- Born: July 13, 1969 (age 57) Paris, France
- Occupation: Public Relations
- Spouse: Gabriella Wright (m. 2005 divorced in 2010 )

= Thierry Klemeniuk =

French film producer

Thierry Klemeniuk (born July 13, 1969) is a French film producer and events producer, founder and former manager of the restaurant-club Man-Ray in Paris alongside Johnny Depp, Mick Hucknall, Sean Penn and John Malkovich, as well as artistic director of Man Ray, New York and producer of the Man Ray soundtrack. From 1993 to 1995, he was the Executive Manager of the famous Le Bains Douches nightclub.
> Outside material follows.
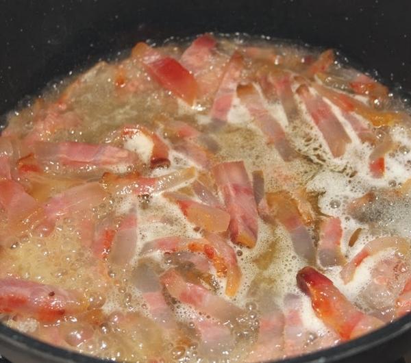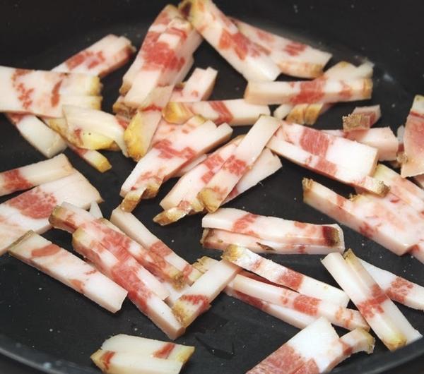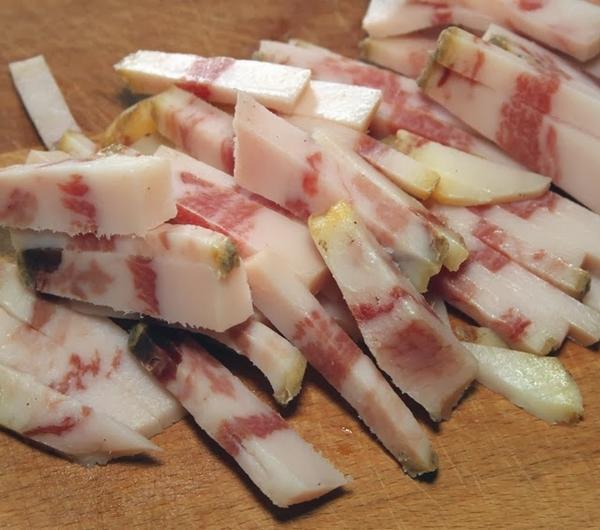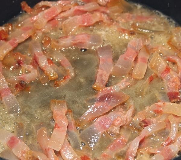 boczku a nie guanciale (tak jak w Carbonara, to właśnie ten składnik zmienia smak)- użycie

In 2010, Klemeniuk refocused his career, developing projects including the Entertainment Pact, an initiative to reduce the environmental impact of digital.

== Production ==
Klemeniuk is known for producing Bully (2001), Spun (2002) and Mary (2005). Klemeniuk worked alongside actors including Jack Nicholson, Adrien Brody, Sean Penn, among others on the movie and music scene. Currently, he lives between Paris and Los Angeles. His company, Klemeniuk Inc, advises companies including French AI specialist NamR. and Tech for Good projects such as the Entertainment Pact.

== Personal life ==
In 2005, Klemeniuk married the actress Gabriella Wright. They divorced in 2011.